Managed to get some fairly solid tasting drinks out of the Dedica just by trail and error really.

Now I've got a good quality grinder with actual settings and a machine that can handle a finer grind, I want to make sure I've got everything dialed in properly to maximize the investment.

I'm currently buying beans from Origin, via the online store, I can link it here if that helps with my question.

Just wondering where to start with making sure my grind size is right and all the other variables involved. (I currently don't have scales, but buying some soon)

cheers!


----------



## Tanguero (Mar 29, 2018)

HSimmo95 said:


> first post!
> 
> xmas bonus at work so took the plunge and upgraded from a delonghi dedica and cheap grinder to the Sage products in the title! I'm a little confused as to where to start!
> 
> ...


Using my sage grinder with fresh beans ( Italian style) I found 17 seconds and grind on 16 was Giving me a 30-40 ml shot for two espressos in 30 seconds. This is only a guide but that is what you should be aiming for. Tamping is the real art, not too tight, not too light. A stainless steel tamper is good so you can polish the ground coffee before brewing. It takes a few bad coffees before you get the perfect one on a regular basis.

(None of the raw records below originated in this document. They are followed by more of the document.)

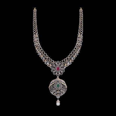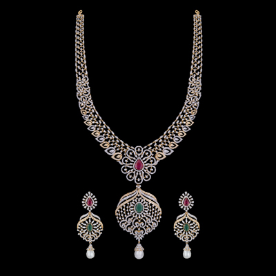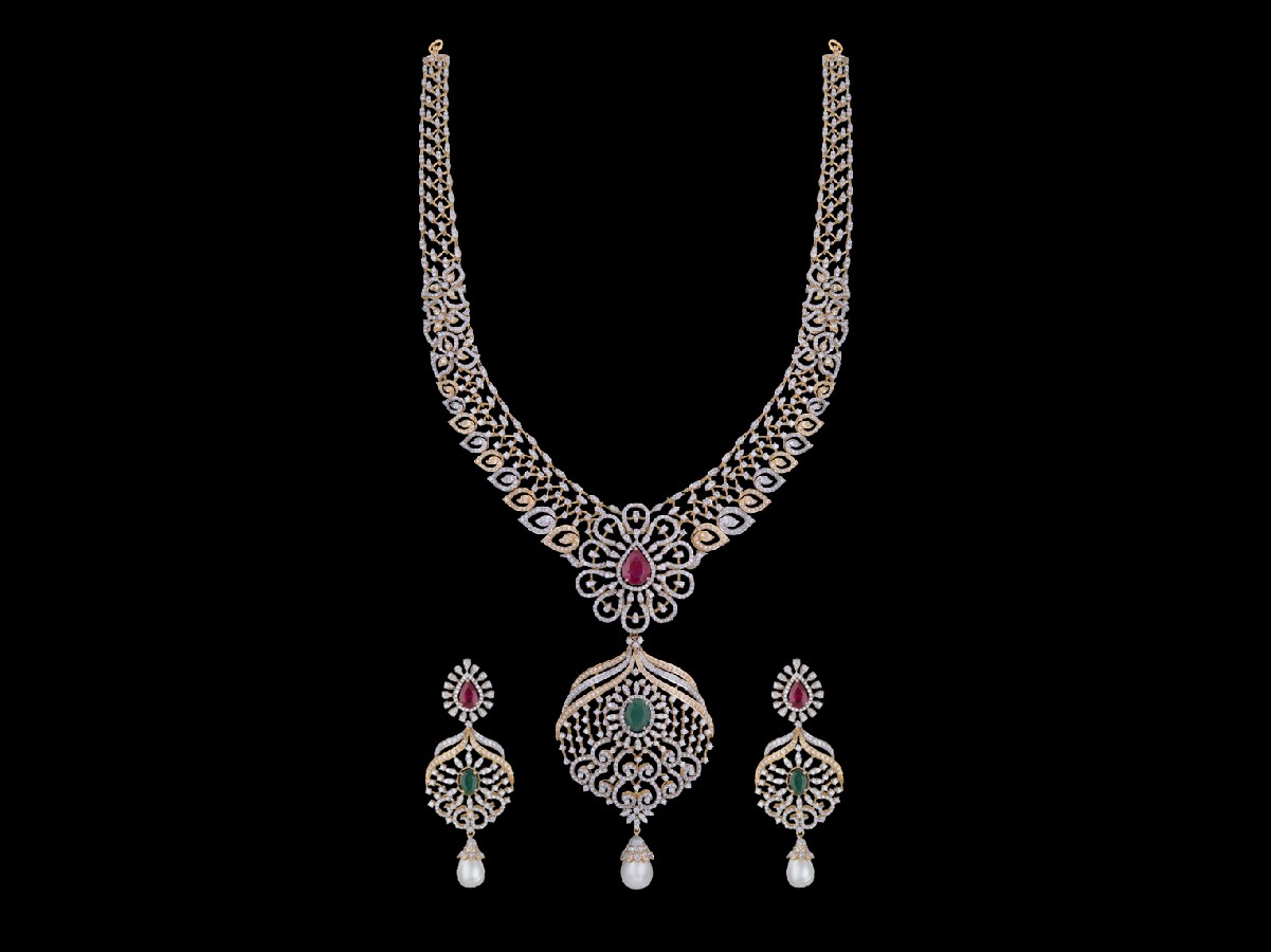 Exquisite in its construction and form, the farie necklace and ear ring set are a minimally designed ornamental set for the discerning women folk of today, mimicking the facial structure of a woman along with her hairline and a bindi. The larger stones on the necklace and earring can be customized in five different colors.
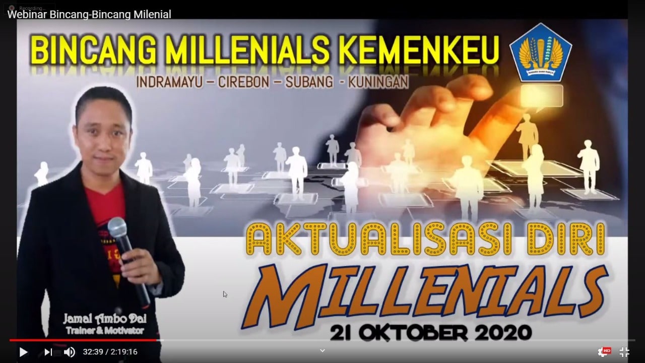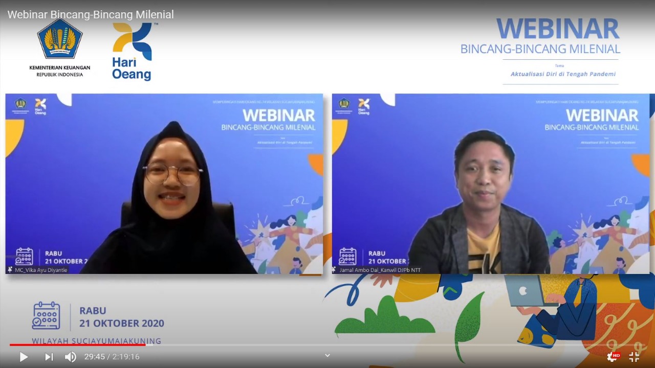 Memperingati Hari Oeang ke 74 di Lingkungan Kementerian Keuangan wilayah Suciayumajakuning, KPP Pratama Indramayu menggelar acara Bincang-Bincang Milenial: Aktualisasi Diri di Tengah Pandemi secara daring menggunakan aplikasi Zoom di Indramayu (Rabu, 21/10).
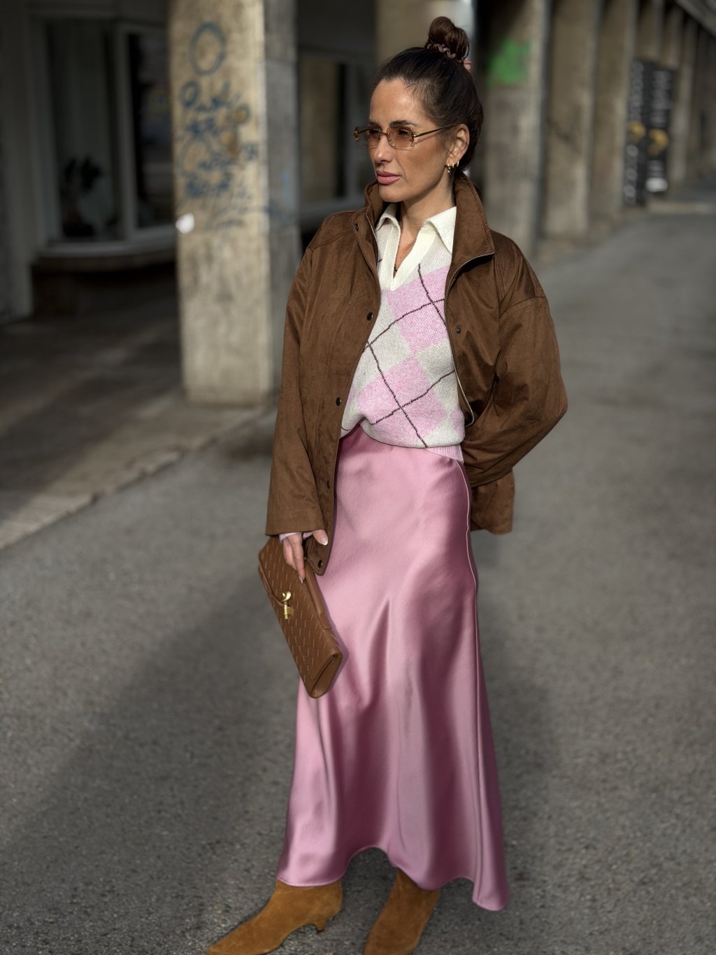 Noste ju s úpletom alebo jemným svetrom a doplň širokými nohavicami alebo denimom. Skvele funguje aj v kombinácii s koženými doplnkami – napríklad s kabelkou.

Good luck and enjoy the learning.


----------



## HSimmo95 (Dec 4, 2018)

Tanguero said:


> Using my sage grinder with fresh beans ( Italian style) I found 17 seconds and grind on 16 was Giving me a 30-40 ml shot for two espressos in 30 seconds. This is only a guide but that is what you should be aiming for. Tamping is the real art, not too tight, not too light. A stainless steel tamper is good so you can polish the ground coffee before brewing. It takes a few bad coffees before you get the perfect one on a regular basis.
> 
> Good luck and enjoy the learning.


thanks for the quick reply mate, appreciate it. That's great, a solid starting point for me to aim at.

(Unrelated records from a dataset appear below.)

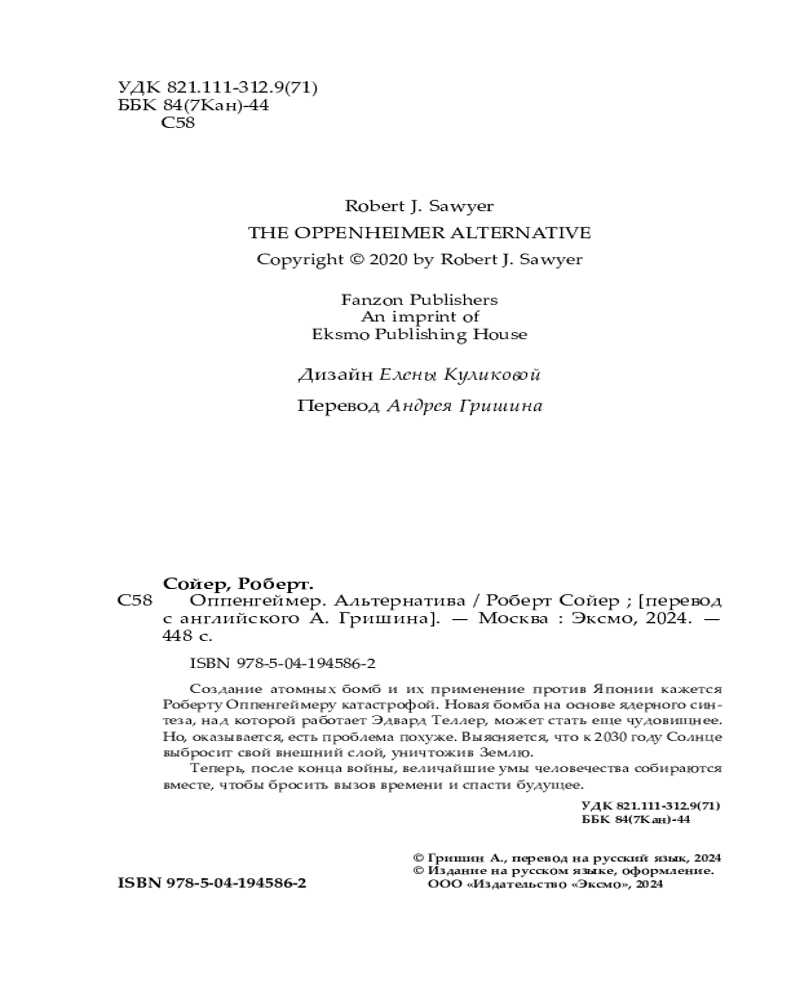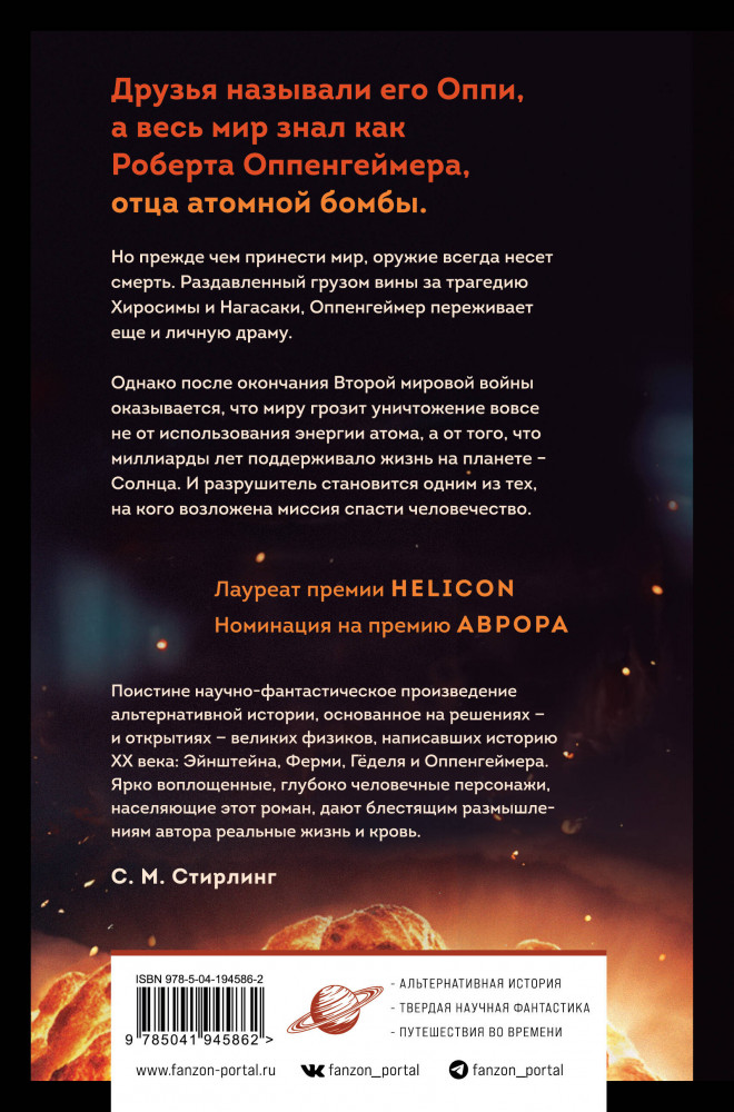 💳 Оплатить за товар можно при получении 🇰🇿 Есть бесплатная доставка по Казахстану от 1 дня 🎁 Копите бонусы с каждой покупки Серия: Fanzon. Роберт Сойер. Образы будущего Новая книга Роберта Сойера, лауреата множества премий, таких как «Хьюго», «Небьюла» и «Аврора». Пока Роберт Оппенгеймер и его команда по Манхэттенскому проекту бьются над созданием атомной бомбы, Эдвард Теллер мечтает о еще более разрушительном оружии, основанном на ядерном синтезе — механизме, который питает Солнце. Исследования Теллера приводят к ужасающему открытию: к 2030 году Солнце выбросит свой внешний слой, уничтожив Землю. После бомбардировки Японии и конца войны команда Оппенгеймера, а также Альберт Эйнштейн и Вернер фон Браун объединяются — величайшие научные гении прошлого века начинают войну со временем, чтобы спасти наше будущее. |
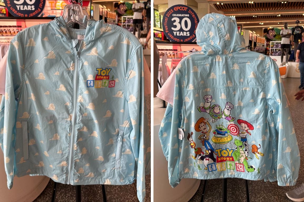 Both full-zip jackets are hooded with zippered pockets and can be found at Creations Shop in EPCOT. The “Toy Story” jacket is also available at Beverly Hills Boutique in Disney’s Hollywood Studios.
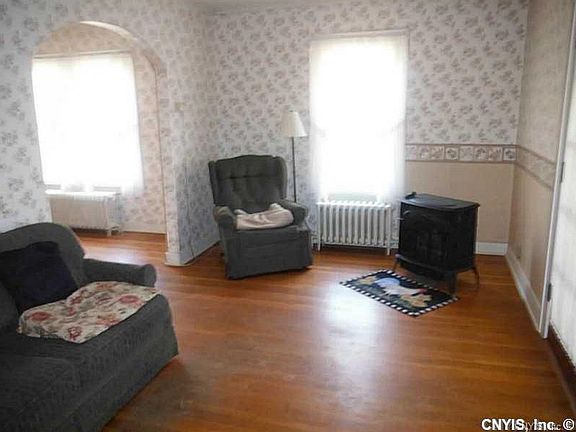 This 3bdrm and 1ba Bungalow has a bonus room and hardwood floors throughout the main floor. Kitchen with eat-in dining. Formal dining. Cozy living room with natural gas burning wood style stove. Attic is partially finished with 3bdrm and has space for a bonus room or possible in-law suite. Move in and Make It Your Own!!!
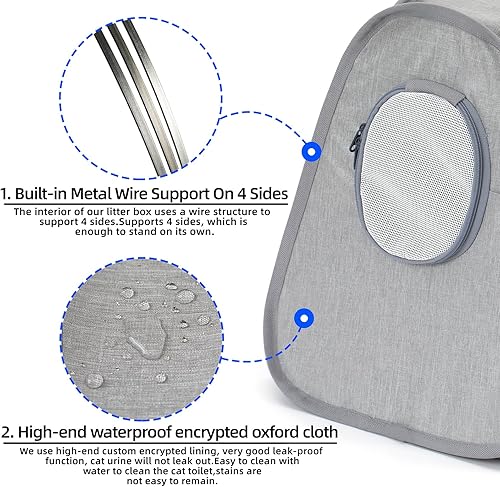 Waterproof Easy to Clean: The cat litter box is made of high-density 600D Oxford cloth and coated with PVC coating to ensure no leakage. The smooth inner surface makes it very easy to clean
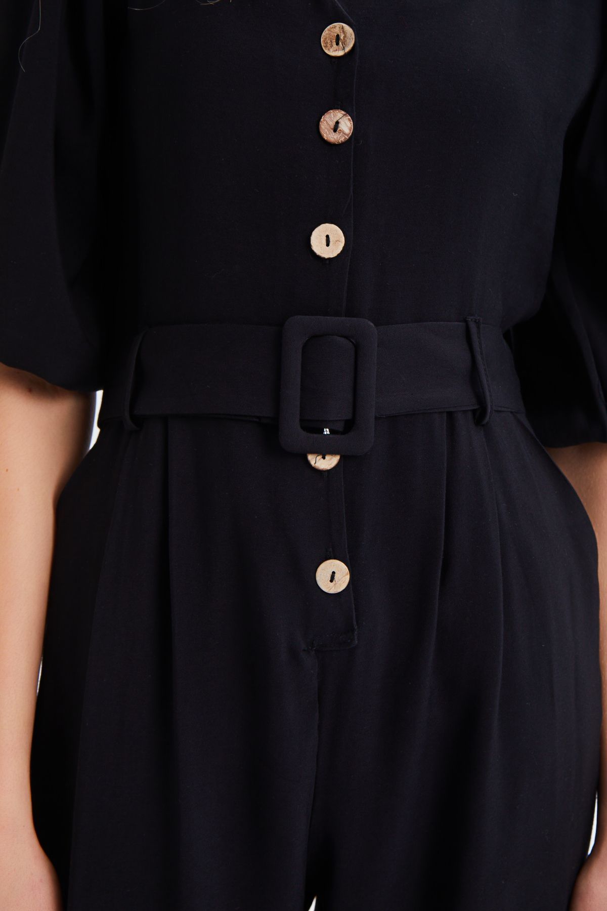 V Yaka Beli Kemerli Tulum Siyah
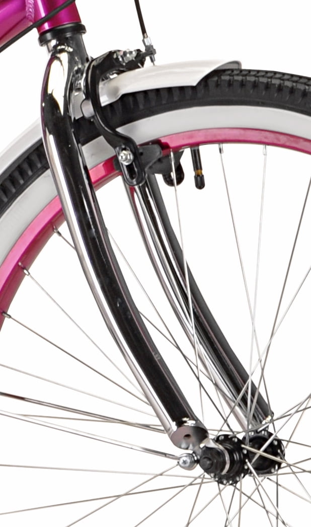 Lightweight aluminum frame Hi-Tensile steel fork Front & rear alloy caliper brakes 26″ cruiser tires Adjustable seat post with quick release Adjustable stem & handlebar Deluxe padded saddle Lightweight alloy wheels Soft rubber grips front & rear fenders 7 speed drivetrain Easy to use Microshift twist shifter Microshift derailleur 3 piece crank

Have you tried going finer? I think I read on here that 10 or 11 chokes the machine up?


----------



## Mrboots2u (May 10, 2013)

Get some scales.

Weigh you dose, weigh your output .

Other people settings will be a function of where their grinder is set, the dose and the type of coffee used .

https://coffeeforums.co.uk/showthread.php?22879-Beginners-Reading-Weighing-Espresso-Brew-Ratios


----------



## Jony (Sep 8, 2017)

Plenty threads around, have read then come back ^ said link. origin are pretty good


----------



## HSimmo95 (Dec 4, 2018)

Mrboots2u said:


> Get some scales.
> 
> Weigh you dose, weigh your output .
> 
> ...


that link/guide is mega! thank you


----------



## MC1 (Jul 2, 2018)

HSimmo95 said:


> first post!
> 
> xmas bonus at work so took the plunge and upgraded from a delonghi dedica and cheap grinder to the Sage products in the title! I'm a little confused as to where to start!
> 
> ...


I've PM'ed you back matey.


----------



## Tanguero (Mar 29, 2018)

The finer the ground the more time to brew a fixed volume. Over 30 seconds tends to get the bitterness out of the beans, not a good idea!

Always keep the whole process clean, I use Brita filtered water even if you have a filter built in. Back wash the brewhead without the need for chemical cleaner after every session, takes about 30 seconds! I use the cleaning tablet once a week on the auto clean cycle.

Clean the grinder at the same time between new bags of beans. Read the instructions for cleaning, removing the top burr is easy. I use the little brush and vacuum as much as possible before putting it back together.

Keeping everything clean may appear a little anal but it pays off in the end....

Nothing is more satisfying than a great home brew.


----------